Даже прожженные скептики-интеллигенты не гнушались идти на поклон к Заступнице. «Прежде всего, Михаил Аверьяныч повел своего друга к Иверской. Он молился горячо, с земными поклонами и со слезами, и когда кончил, глубоко вздохнул и сказал:

– Хоть и не веришь, но оно как-то покойнее, когда помолишься. Приложитесь, голубчик».

Это из Чехова, «Палата №6».

Сам же Антон Павлович, беседуя однажды с коллегой Куприным, вспомнил третьего коллегу – Михаила Саблина:

– Знаете, – начал он издалека, – Москва – самый характерный город. В ней все неожиданно. Выходим мы как-то утром из «Большого Московского». Это было после длинного и веселого ужина. Вдруг Саблин тащит меня к Иверской, здесь же, напротив. Вынимает пригоршню меди и начинает оделять нищих – их там десятки. Сунет копеечку и бормочет: о здравии раба Божия Михаила. Это его Михаилом зовут. И опять: раба Божия Михаила, раба Божия Михаила… А сам в Бога не верит… Чудак…

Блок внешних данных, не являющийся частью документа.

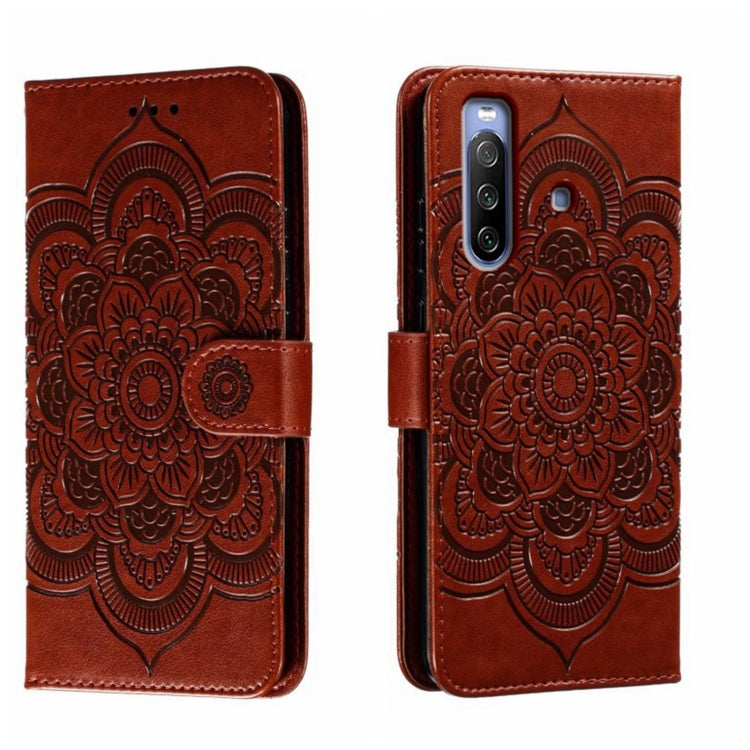 Funda de Cuero para Sony Xperia 10 III con Patrón en Relieve Sun Mandala (Marrón)

Так что не только лишь благочестивые верующие посещали знаменитую «часовню звездную – приют от зол, где вытертый от поцелуев пол» (как писала об Иверской поэтесса Марина Цветаева).

* * *

Но была во всем этом огромная несправедливость. Ведь в помощи иконы более других нуждались тяжелобольные – те, кто никак не мог добраться до часовни и приложиться к чудотворной Иверской. Но несправедливость эту быстро устранили. Действительно, ведь если можно было сделать одну копию, значит, можно сделать и другую. Таким образом в Москве возникло несколько Иверских икон. И все – чудотворные. Выстраивать их по ранжиру в смысле подлинности и могущества считалось делом не богоугодным, чуть ли не языческим. Богоматерь-то одна, и поклоняются-то, по большому счету, ей, а не куску раскрашенного дерева в дорогих ризах.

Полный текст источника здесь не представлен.